[cfe-dev] [LLVMdev] LLVM 3.4 Branch Freeze

Bill Wendling isanbard at gmail.com
Mon Dec 16 01:30:12 PST 2013

On Dec 13, 2013, at 3:30 AM, Hal Finkel <hfinkel at anl.gov> wrote:

> ----- Original Message -----
>> From: "Anton Korobeynikov" <anton at korobeynikov.info>
>> To: "C. Bergström" <cbergstrom at pathscale.com>
>> Cc: "cfe-dev at cs.uiuc.edu Developers" <cfe-dev at cs.uiuc.edu>, "Mailing List" <llvmdev at cs.uiuc.edu>
>> Sent: Friday, December 13, 2013 3:24:38 AM
>> Subject: Re: [LLVMdev] [cfe-dev] LLVM 3.4 Branch Freeze
>> The usual procedure is to make time-based releases. So - "release
>> trunk and make sure it's stable enough" plus - fix any outstanding
>> regressions.
>> There is some text wrt this:
>> http://llvm.org/docs/HowToReleaseLLVM.html#release-qualification-criteria
> Fair enough, however, I view releasing a compiler which is known to miscompile code on a tier-1 platform as a serious problem.

I don’t disagree with this at all.

> Obviously, we cannot delay a release indefinitely, but it is completely practical to fix all of those bugs in a few weeks: they all have small test cases. I think that what we should do is put names next to as many of those as possible (to assign responsibility), and proceed under the assumption that we'll cut the final release candidate once those assigned bugs have been fixed (my guess is that there are only 5-7 underlying issues behind those various bugs I listed). There are more than enough of us that *work* on LLVM for this to be reasonable.

Those people have their own schedules and priorities. I have absolutely zero control over which bugs they give their time to. If I had someone say “I am working on this and foresee a fix by Monday,” then I would wait. But so far no one has done that.

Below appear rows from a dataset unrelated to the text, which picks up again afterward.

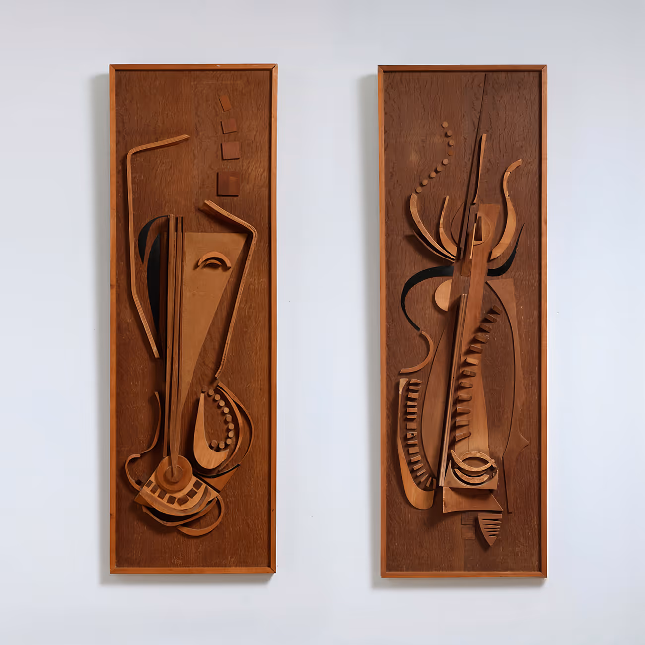 “Flowing 1” and “Flowing 2” Pair of abstract relief panels (ply wood)
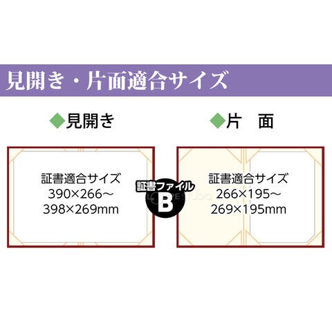 | 証書適合サイズ | 全面使用時:390×266~398×269mm 片面使用時:266×195~269×195mm |
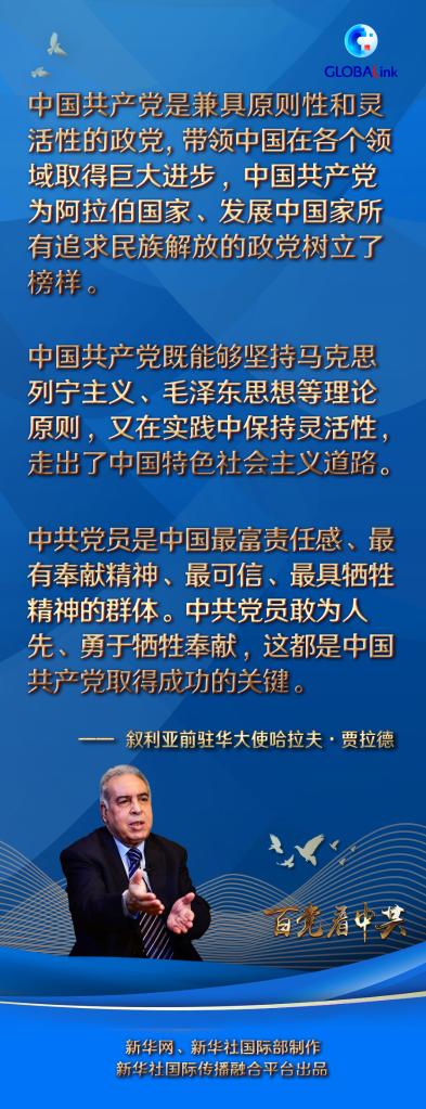 新華社大馬士革6月3日電(記者汪健 鄭一晗)敘利亞前駐華大使哈拉夫·賈拉德日前在大馬士革接受新華社記者專訪時說,中國共產黨是兼具原則性和靈活性的政黨,帶領中國在各個領域取得巨大進步,“中國共產黨為阿拉伯國家、發(fā)展中國家所有追求民族解放的政黨樹立了榜樣”。
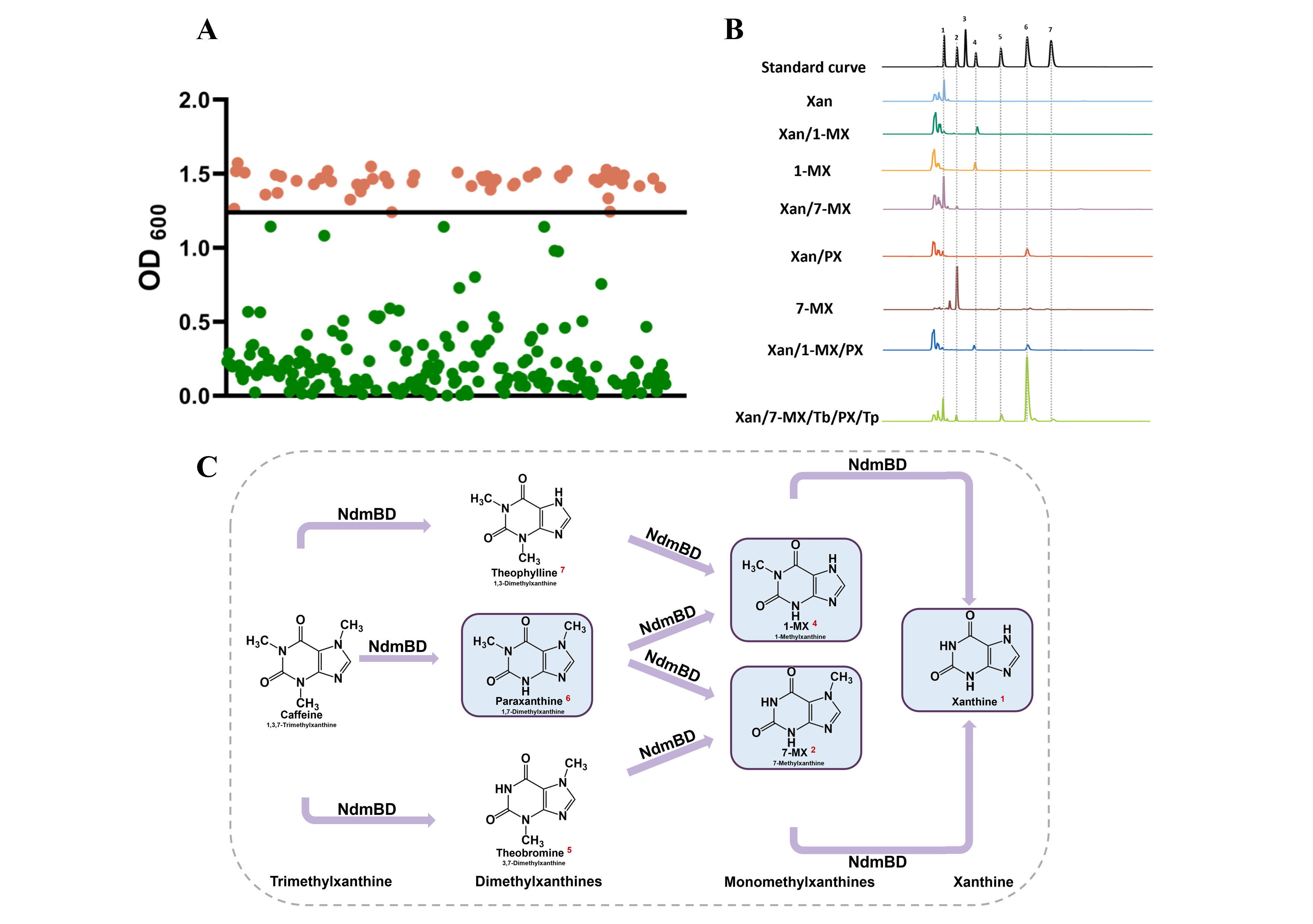 Figure 4. Screening results and by-product analysis of NdmB mutants.(A) Screening results of mutants using the PX whole-cell biosensor. The figure highlights positive clones with higher OD600 values (in orange), indicating that these strains likely have a stronger capability for PX production. (B and C) HPLC analysis of the standard curves for products from different strains. The analysis confirmed that the mutants produced not only PX but also other demethylated by-products, such as 1-MX and 7-MX.
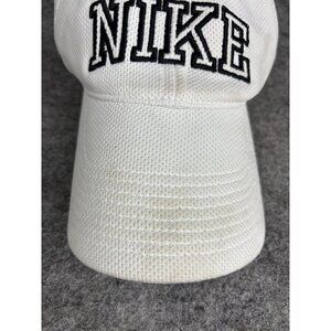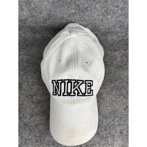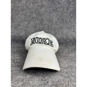 Nike Hat Cap Strap Back White Black Embroidered Wordmark Swoosh Athletic Mens
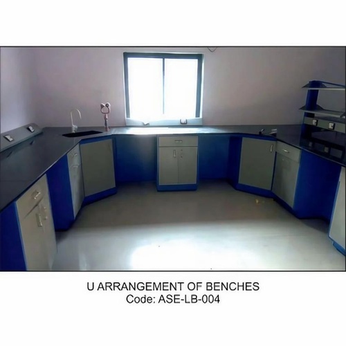 Indian-made MS U-arrangement lab benches. Dimensions: 4 Feet height. Model ASE-LB-004, specifically designed for laboratory use.
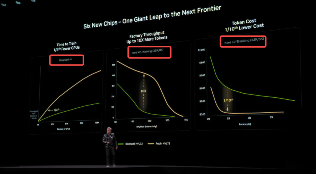 在下一代Rubin架构亮相的核心环节上,老黄还选用了DeepSeek和Kimi K2 Thinking来秀性能。
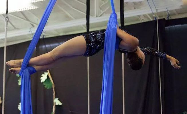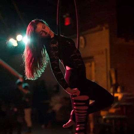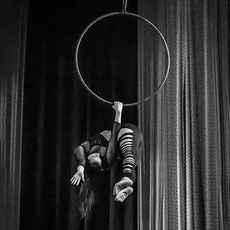 Specializes in Lyra, aerial silks, hoops, trapeze and hammock, cube, and can expertly suspend herself from a range of unique props
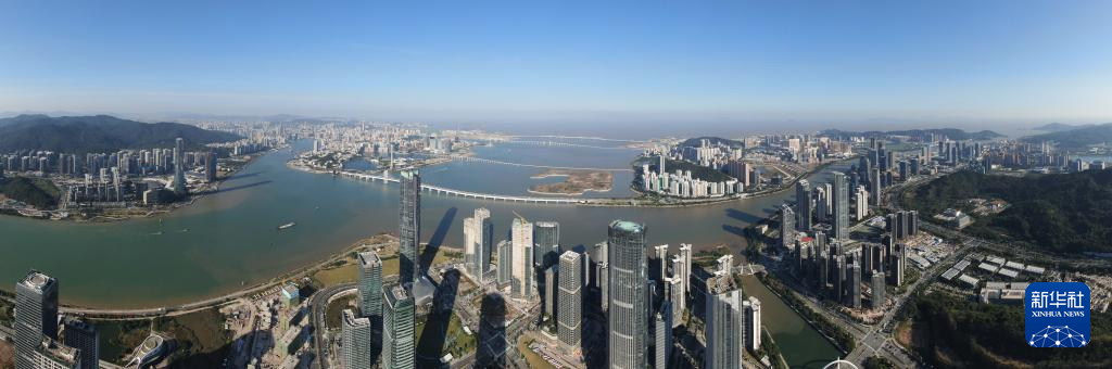 这是11月26日拍摄的横琴、珠海及澳门(无人机全景照片)。
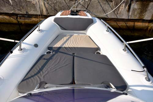 Sklapanje pramčanoga sunčališta zvuči složeno međutim stvar se riješi u tren oka. Uz stol koji je centralni umetak dodaju se dvije bočne platformice koje se fiksiraju onim čudnim vijkom koji smo maločas spominjali, i sve to se prekriva jastucima. Tako se dobije veliko lijepo sunčalište na kojem bi se našlo mjesta i za dvije osobe.
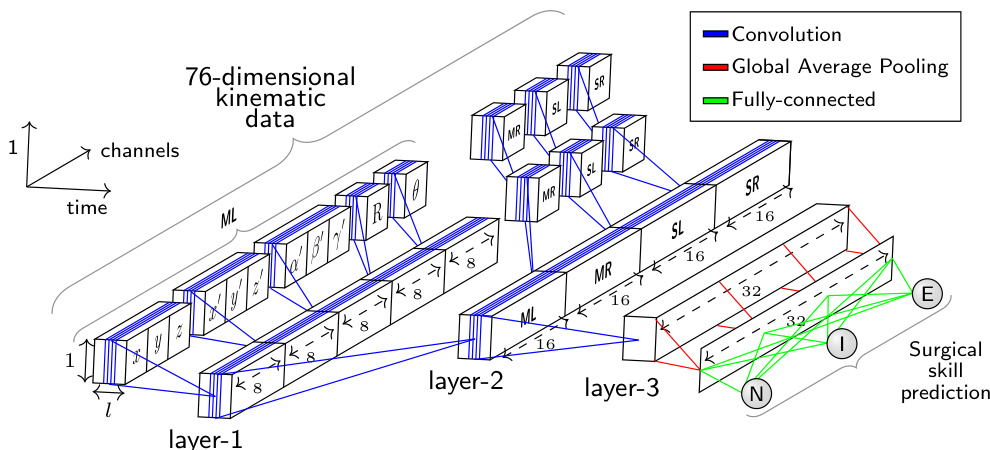 Our approach takes inspiration of the recent success of CNN for time series classification [17]. The proposed architecture (Figure 1) has been specifically designed to classify surgical skills using kinematic data. The input of the CNN is a MTS with variable length $\it l$ and 76 channels. The output layer contains the surgical skill level (N, I, E). Comparing to CNNs for image classification, where usually the network’s input has two dimensions (width and height) and 3 channels (RGB), our network’s input is a time series with one dimension (length $\textit{l}$ of the surgical task) and 76 channels (the kinematic variables $x,y,z,x^{\prime}$ , etc.).

> FWIW, when I started talking to people about using an LLVM-based compiler in production, a common response was, "how large of a code base have you compiled with it that gets the right answer?" -- and the problem has been that, when testing on multi-million-line internal codebases, miscompiles had been observed. I feel that, as a community, we should take a stronger stance against releasing code with miscompile bugs. Doing so seriously hurts our credibility. Obviously, we can't delay a release because someone somewhere feels that we miscompile something, but having small test cases is another story.
> In short, I feel that going from initial branching to final release in ~1 month is a great goal, but I'd rather make it two months (as Bill points out, there are holidays in the middle) to eliminate these kinds of bugs. I think that, so long as everyone can understand what is going on, our metrics on "release blocking" bugs are clear, and our release manager observes steady progress, then delaying is preferable.
> Finally, I think that very few of us that create products derived from LLVM/Clang strictly track the upstream release schedule, so I suspect that delaying for a few weeks won't affect any of our corporate contributors. Many of my colleagues say that, with gcc, they wait for the x.y.1 release before upgrading because the .0 is too buggy. But if we're not doing point releases, then I think we need tighter standards for release. Doing otherwise is not fair to our users.